From: Benjamin Coddington

Date: Fri May 29 2026 - 15:49:03 EST


On 29 May 2026, at 11:27, Rick Macklem wrote:

> On Fri, May 29, 2026 at 7:06 AM Trond Myklebust <trondmy@xxxxxxxxxx> wrote:
>>
>> CAUTION: This email originated from outside of the University of Guelph. Do not click links or open attachments unless you recognize the sender and know the content is safe. If you are unsure, forward the message to ITHelp@xxxxxxxxxxx for review.
>>
>>
>> On Thu, 2026-05-28 at 15:22 -0400, Benjamin Coddington wrote:
>>> A client holding an OPEN_DELEGATE_WRITE delegation can satisfy a
>>> later
>>> open(O_WRONLY) from the cached delegation (can_open_delegated())
>>> without
>>> sending an OPEN to the server. That cached "open for write" assertion
>>> is
>>> only valid while the delegation holder still has write access. A
>>> SETATTR
>>> that changes mode, owner, or group can revoke that access -- after
>>> which an
>>> open served from the delegation would bypass an access check the
>>> server
>>> would now fail, and, against a server that recalls the delegation on
>>> such a
>>> change, the SETATTR draws a CB_RECALL/NFS4ERR_DELAY/DELEGRETURN/retry
>>> round
>>> trip.
>>>
>>> Before issuing such a SETATTR, check whether the proposed
>>> mode/owner/group
>>> would remove write access for the delegation's owning credential,
>>> judged by
>>> the resulting POSIX mode bits. If so, return the delegation first:
>>> the
>>> return is synchronous and flushes modified data, so the SETATTR
>>> proceeds on
>>> an open or special stateid and the next open revalidates access with
>>> the
>>> server. Permission changes that keep the holder's write access leave
>>> the
>>> delegation in place.
>>>
>>> Only the mode bits and the holder's fsuid/fsgid are consulted. An
>>> NFSv4 ACL
>>> cannot be evaluated by the client, a privileged caller may retain
>>> access the
>>> bits deny, and supplementary group membership is not checked, so the
>>> test is
>>> necessarily approximate -- but an inexact answer costs at most an
>>> unnecessary delegation return or a fall back to the server's recall,
>>> never
>>> incorrect access.
>>>
>>> RFC 8881 Section 10.4.4 permits a client to return a delegation
>>> voluntarily,
>>> performing the same pre-return state updates (data flush, pending
>>> truncation, CLOSE/OPEN/LOCK) it would on a recall. Commit
>>> c01d36457dcc
>>> ("NFSv4: Don't return the delegation when not needed by NFSv4.x
>>> (x>0)")
>>> stopped returning write delegations on SETATTR for NFSv4.1+, since
>>> the
>>> server can identify the delegation holder from the SEQUENCE clientid
>>> and
>>> need not recall. That holds for changes that do not affect the
>>> holder's
>>> access; restore a return only for the narrow case where the holder's
>>> own
>>> write access is removed.
>>
>> Hmmm... I'd argue that while recalling the delegation in this case is
>> mandatory for NFSv4.0, that is certainly not true for NFSv4.1.
>>
>> Furthermore, I'd argue that if the holder of a write delegation is just
>> changing the mode, then that should never result in a delegation recall
>> for a well written NFSv4.1 server. The reason is this does not impact
>> the client's ability to cache data, metadata or lock state. It only
>> impacts its ability to rely on previously cached access data when
>> handling new opens.

> I'm not sure I completely agree with this statement. The case I would
> be concerned about is delayed writes sitting in the client.

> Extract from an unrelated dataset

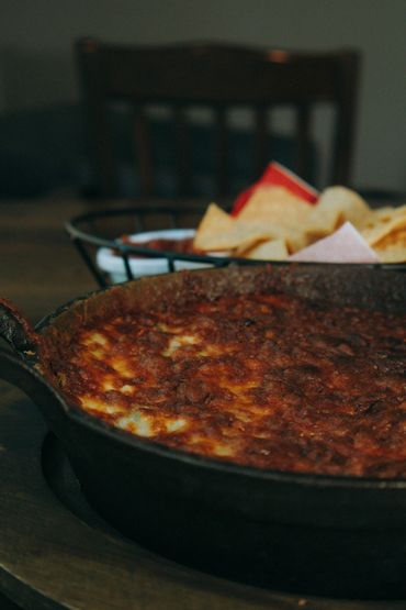 Creamy Spinach and Artichoke Dip Skillet Served with Tortilla Chips and Salsa
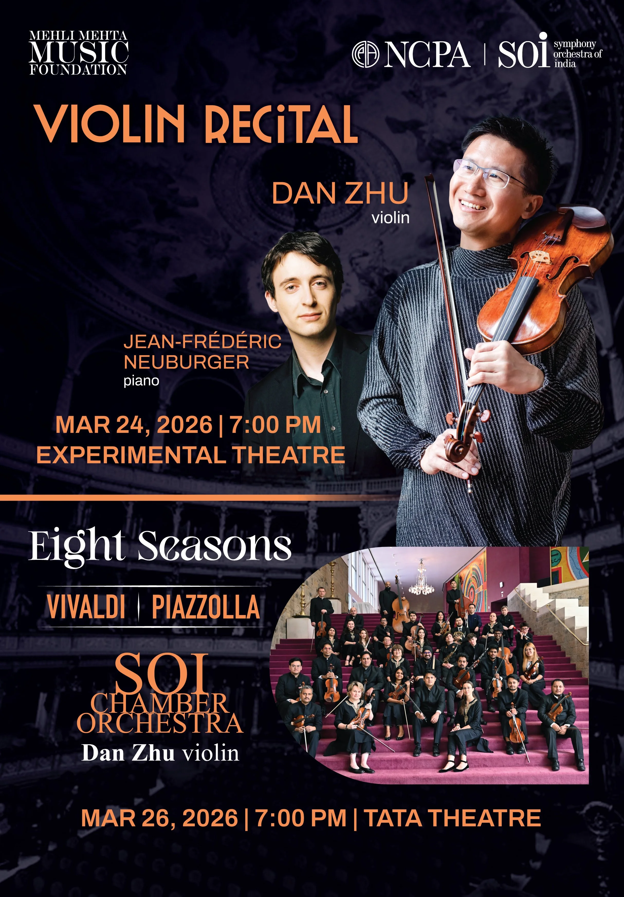 Dan Zhu and pianist Jean-Frédéric Neuburger continues their concert tour at the NCPA in Mumbai, with two sold-out evenings of duo recital program (Bach, Schubert, Busoni) and leading the SOI Chamber Orchestra on “8 Seasons” by Antonio Vivaldi and Astor Piazzolla. Concert details

Those stay safe on Linux. The client flushes cached writes on the delegation
(or open) stateid, and knfsd authorizes a WRITE from the stateid's granted
access, not from a re-check of the current mode — nfsd4_write() just rides
the already-open, write-capable nfsd_file resolved from the stateid, so a
later mode change doesn't block the holder's writes. And if the server does
recall, DELEGRETURN flushes the dirty data before the delegation goes back.
The only way to lose data is a server that neither honors the holder's
stateid writes nor recalls.

> Maybe an NFSv4.1/4.2 server should always allow writes from a
> client that holds a write delegation for the file, but I don't think that
> is spelled out in RFC8881 (I'm never sure, given that monstrous
> document) and I'll admit that the FreeBSD server
> does not do that. The FreeBSD server currently does always allow the
> owner of the file to do writes, but does not do the same w.r.t. write
> delegation held by the client. (I'll think about adding that override,
> because it does seem reasonable.)
>
> What does the Linux knfsd currently do w.r.t. allowing writes
> from a client that holds a write delegation?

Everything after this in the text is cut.